WHAT TO DO:
How many lines in the data hold the string "ideal"? State the number alone.

EXERCISE INPUT:

..............................

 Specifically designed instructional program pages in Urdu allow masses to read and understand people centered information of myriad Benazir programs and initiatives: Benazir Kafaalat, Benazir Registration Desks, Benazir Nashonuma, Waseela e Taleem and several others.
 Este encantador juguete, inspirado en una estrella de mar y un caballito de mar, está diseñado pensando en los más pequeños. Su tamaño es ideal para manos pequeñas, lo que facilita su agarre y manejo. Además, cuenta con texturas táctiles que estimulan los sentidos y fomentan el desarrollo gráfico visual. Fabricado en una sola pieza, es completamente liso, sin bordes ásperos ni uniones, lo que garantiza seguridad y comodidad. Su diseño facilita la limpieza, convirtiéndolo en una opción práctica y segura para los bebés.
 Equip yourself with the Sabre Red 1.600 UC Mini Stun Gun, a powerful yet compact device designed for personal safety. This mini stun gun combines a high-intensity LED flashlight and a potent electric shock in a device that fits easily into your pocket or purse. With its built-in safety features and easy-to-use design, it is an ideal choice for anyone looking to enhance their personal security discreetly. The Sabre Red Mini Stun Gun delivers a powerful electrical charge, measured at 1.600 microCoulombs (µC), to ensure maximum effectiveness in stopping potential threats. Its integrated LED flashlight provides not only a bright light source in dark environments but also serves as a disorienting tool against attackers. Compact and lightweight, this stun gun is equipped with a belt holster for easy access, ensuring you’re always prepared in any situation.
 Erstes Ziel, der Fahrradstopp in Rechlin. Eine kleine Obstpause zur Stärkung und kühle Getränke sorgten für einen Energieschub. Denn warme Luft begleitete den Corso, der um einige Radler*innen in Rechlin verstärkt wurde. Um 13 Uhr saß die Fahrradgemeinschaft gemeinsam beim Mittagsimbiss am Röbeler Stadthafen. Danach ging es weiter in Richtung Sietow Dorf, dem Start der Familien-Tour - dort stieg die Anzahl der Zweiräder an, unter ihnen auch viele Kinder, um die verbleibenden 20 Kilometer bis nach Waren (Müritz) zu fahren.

..............................

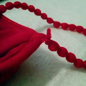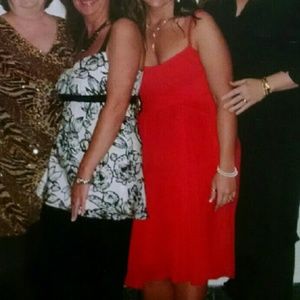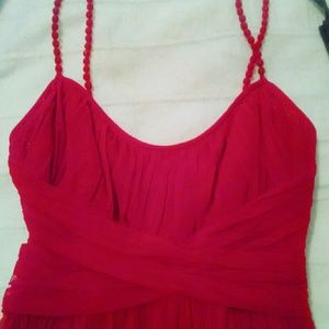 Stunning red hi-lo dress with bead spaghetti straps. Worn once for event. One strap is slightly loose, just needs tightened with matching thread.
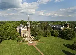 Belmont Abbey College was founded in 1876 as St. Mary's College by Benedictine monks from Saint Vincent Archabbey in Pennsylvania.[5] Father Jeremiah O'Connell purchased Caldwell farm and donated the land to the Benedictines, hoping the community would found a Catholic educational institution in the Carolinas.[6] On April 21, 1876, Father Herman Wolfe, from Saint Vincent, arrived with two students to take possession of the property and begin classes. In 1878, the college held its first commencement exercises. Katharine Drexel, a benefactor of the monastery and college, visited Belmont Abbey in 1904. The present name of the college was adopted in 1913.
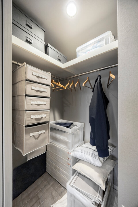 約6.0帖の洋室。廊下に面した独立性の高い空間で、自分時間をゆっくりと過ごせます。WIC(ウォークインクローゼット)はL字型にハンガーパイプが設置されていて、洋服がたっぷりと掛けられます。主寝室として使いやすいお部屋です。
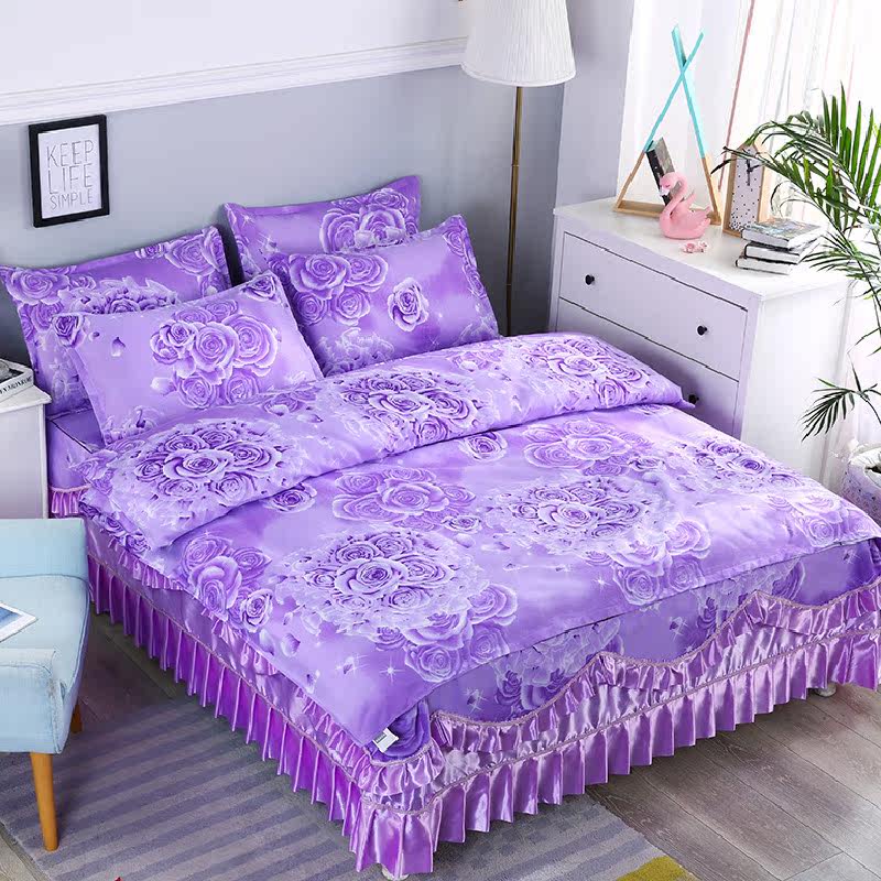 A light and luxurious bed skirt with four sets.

..............................

EXERCISE RESPONSE:
2